Namun demikian, Wapres menyadari bahwa untuk menurunkan kemiskinan ekstrem sampai nol persen di akhir 2024 sebagaimana target pemerintah merupakan tantangan berat.
Apalagi penurunan kemiskinan ekstrem merupakan hasil akhir dari seluruh proses pembangunan nasional yang sangat luas.
"Artinya, kinerja pembangunan secara keseluruhan, baik yang dilakukan oleh Pemerintah Pusat maupun Pemerintah Daerah, menjadi kunci utama penurunan tingkat kemiskinan ekstrem. Selain itu, sejak awal 2020 kita juga menghadapi pandemi Covid-19 yang sempat menyebabkan kontraksi ekonomi dan meningkatkan tingkat kemiskinan kita," paparnya.
Walaupun tantangan ini berat namun Wapres tetap optimistis bahwa melalui kolaborasi lintas pihak, yang tidak hanya kementerian/lembaga, pemerintah daerah (provinsi dan kabupaten/kota), pemerintah desa, serta melibatkan pihak non-pemerintah lainnya, seperti pelaku usaha, perguruan tinggi, LSM, media, dan masyarakat maka masalah kemiskinan di Jawa Timur akan dapat ditanggulangi.

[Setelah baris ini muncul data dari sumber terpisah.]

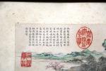 CHINE : Petite peinture d'album à l'encre et couleurs légères sur papier, représentant deux lettrés dans le pavillon d'une demeure nichée parmi les arbres, sur les berges d'un lac bordées de montagnes dans le lointain. Accompagnée d'un long poème sur le thème de l'hirondelle. Avec trois cachets apocryphes Qianlong et Jiaqing. Chine, XVIIIe-début XIXe siècle. (encadrée sous verre). Dim. 13,3 x 26,6 cm. Expert : Cabinet ANSAS-PAPILLON D'ALTON Tél. : 01 45 65 48 19
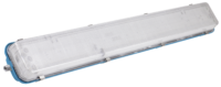 Light fitting for the illumination of indoor and outdoor moist, dusty industrial spaces such as halls, warehouses, workshops, corridors, cellars, particularly environments with an increased occurrence of aggressive chemicals.

"Kerja kolaborasi ini harus berujung pada sinergitas antara program-program pengurangan kemiskinan ekstrem yang berasal dari sumber pendanaan APBN kementerian/lembaga untuk pelaksanaan program-program pengurangan kemiskinan ekstrem di daerah, termasuk yang bersumber dari dana APBD provinsi dan kabupaten/kota, serta APBDes," tandasnya.